CHAPTER XII
THE PROFESSIONAL MAN
It is of some interest to attempt to form a picture of Wren, not as a great artist in building, but as a professional architect dealing with clients who were often awkward and sometimes dishonest, like the St. Paul’s authorities in his later years, carrying out a vast amount of detail work which is now regarded as the task of the surveyor rather than the architect, making arrangements for the settlement of disputes, boundary lines, frontages, and for compliance with Royal Proclamations and Acts of Parliament, negotiating with clients as to fees, and generally dealing with the financial and business side of his profession.
All his biographers have emphasised the undoubted fact that Wren was not a self-seeking man, but I think they have a little overdone the suggestion of altruism. It is said in Parentalia and elsewhere that Wren’s salary of £200 a year for the work of designing and superintending St. Paul’s was a very modest sum. That is true, but it must be remembered that the salary ran from 1675, when he was appointed Surveyor-General and Architect of St. Paul’s, until 1711, when the House of Commons determined that the Cathedral was completed. He, therefore received £7,200 in respect of St. Paul’s. It is also stated in Parentalia that he received £100 a year for work on the City churches. But this seems to be wholly untrue, for Wren was paid on exactly the same basis as an architect of to-day—i.e., by a commission on the value of the work executed. Until 1919, when it was raised to 6 per cent., the customary remuneration of an architect in England was 5 per cent.; and a manuscript account, covering the period from July, 1670, to March, 1673, quoted by Wyatt Papworth, shows that twelve-pence in the pound for all monies received and paid was disbursed “for allowances for rebuilding the Churches to the Officers of Works for the management of the whole.” This is 5 per cent., out of which Wren no doubt paid for his office staff. As the total expenditure on the City churches was £263,786, Wren must have received over £13,000. In addition, the City authorities would now and again give to him (or in one case to Lady Wren) a lump sum by way of expressing their gratitude for his services.
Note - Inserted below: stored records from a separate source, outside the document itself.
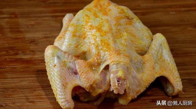 最後在雞皮上抹上一點薑黃粉,抹勻。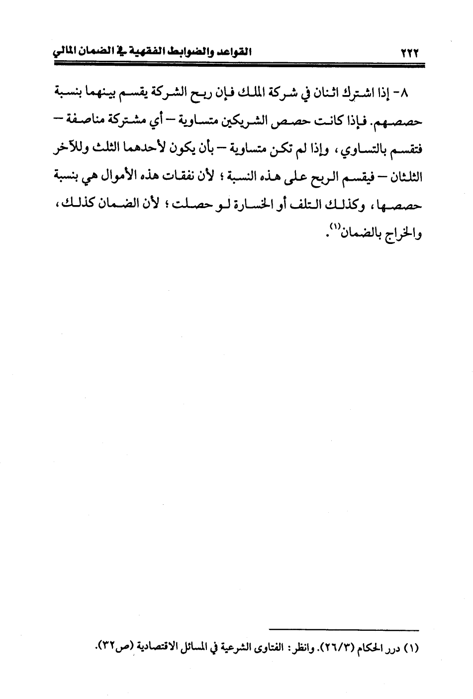 (¬١) درر الحكام (٣/ ٢٦). وانظر: الفتاوى الشرعية في المسائل الاقتصادية (ص ٣٢).
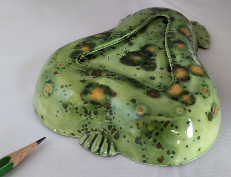 Pear-shaped dish in greens, orange and brown measures approximately 7 3/8" L x 5" W x 1" H. Marked 'AD '87' on the bottom.

In the capacity of Surveyor-General of His Majesty’s Works, he was receiving, in 1675, 13s. 2d. a day and “availes” of £80 per quarter, which meant another £320 a year, by way of retaining fee; and Papworth presumes, I think with reason, that he also received specific payment in respect of each service performed. By the year 1715, his salary and “riding charges” had dropped to £136 a year, but it is also to be remembered that all this time he had an official residence in Whitehall consisting of sixteen rooms and a cellar, which he occupied for about fifty years without cost to himself.
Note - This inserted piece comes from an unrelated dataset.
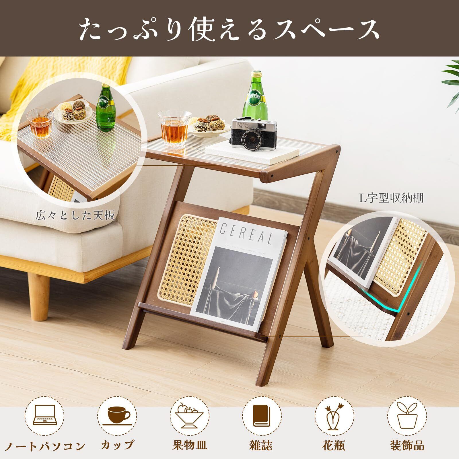 【雑誌やレコードもすっきり収まる】このサイドテーブルは、ス字型の構造を活かしたL字型の収納棚を備えており、雑誌やアルバム、レコードなどを立てて収納できます。上部のガラス天板にはカップや小物、照明などを置くことができ、コンパクトながらも高い収納力を実現しています。散らかりがちなリビングやベッドサイドを、スタイリッシュに整えることができます。

In respect of Chelsea Hospital he received a fee of £1,000, but there are many examples of his refusing payment altogether. He insisted on doing all the work at Greenwich Hospital without payment, saying, “Let me have some share in an act of charity and mercy.” When he came to design the Library of Trinity at Cambridge, for which the Master had some difficulty in getting enough subscriptions, Wren’s contribution was the value of his own work, for which he made no charge; and, similarly, he received nothing in respect of his work at St. Clement Danes. These are acts of generosity of which we happen to have definite record, and I do not doubt that there were many other examples of the same sort not recorded, for Wren’s generosity was equalled only by his modesty.
He was not above a trifling piece of nepotism; for his son Christopher became Deputy Clerk Engrosser in the Office of Works in 1694 and Clerk of Works in 1702, succeeding Dickenson. This appointment was confirmed by George I. in 1715. But when Sir Christopher fell from favour his son was also dismissed, and from the younger Christopher’s casual proceedings in the compilation of the material of Parentalia, I cannot believe that the State suffered greatly from his disappearance.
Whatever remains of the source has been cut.